ひょっとしたら、もう一押しで揉ませてくれたりすんのか?
「ふぇぇええん。今度はオデキが出来ちゃったよぉ」
ちっ、邪魔が入りやがった。
またリリアナのお出ましかよ。ミーアも大変だな。
「ジーンくぅん。お願い、治療してちょうだーい」
えっ? ジーンのところへ直接だと?
くっそ、あいつは情けなく負けたくせに、なんでこうなるんだよ。
リリアナにとっちゃ、回復してくれる奴が一番なのか? やってられねえぜ。
「おや、リリアナさん、ようこそ僕のところへ。
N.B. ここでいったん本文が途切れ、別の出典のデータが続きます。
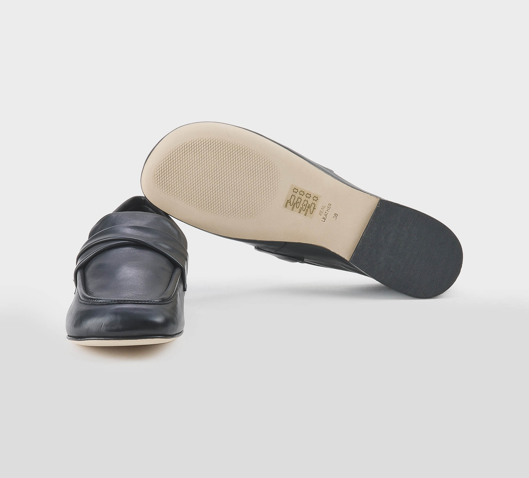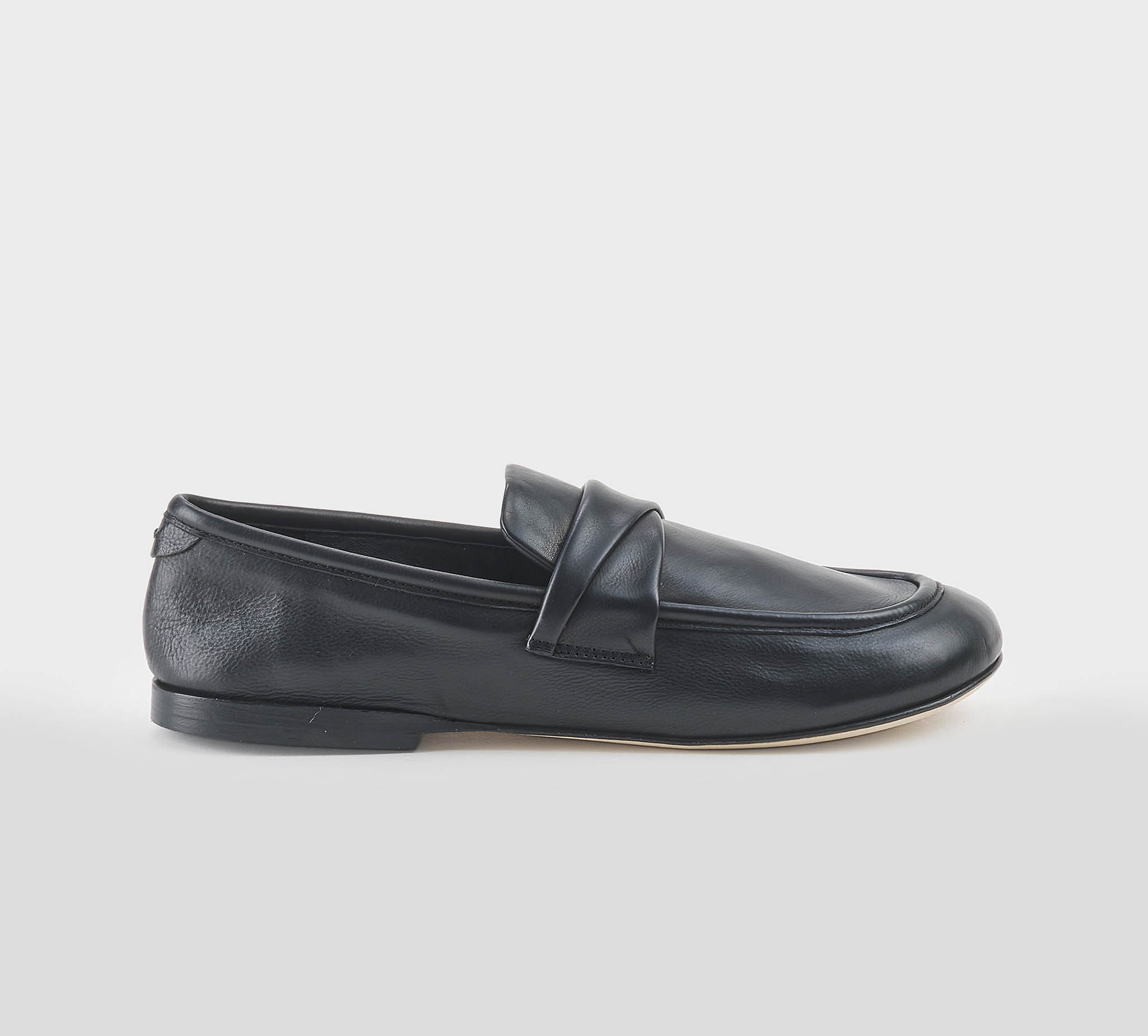 Mocassino in nappa nero -barretta nero -calzzata regolare -tacco cm 1 Fondo cuoio SS 26

いついらしていただけるのかと、首を長くしてお待ちしておりました。なんでもオデキが出来てしまったとか。治療して差し上げますので、どうぞ患部をお出しください!」
「うんっ!」
しっかりと聞き耳立ててやがったのか。抜け目ないな、ジーンのやつ。
だけど、これで治療も3回目か。
となると、だいぶ過激になっても良さそうだよな。
「えーっとね、ちょっと恥ずかしいんだけど……」
恥ずかしいって言いながら、躊躇なくブラウスのボタンを外し始めたぞ。
クラス中の男どもが、マノンの噂なんてそっちのけでこっちに注目してやがる。
ジーンのお陰でおこぼれを頂戴してるとはいえ、あいつが目を血走らせてやがるとなんだかムカつくな。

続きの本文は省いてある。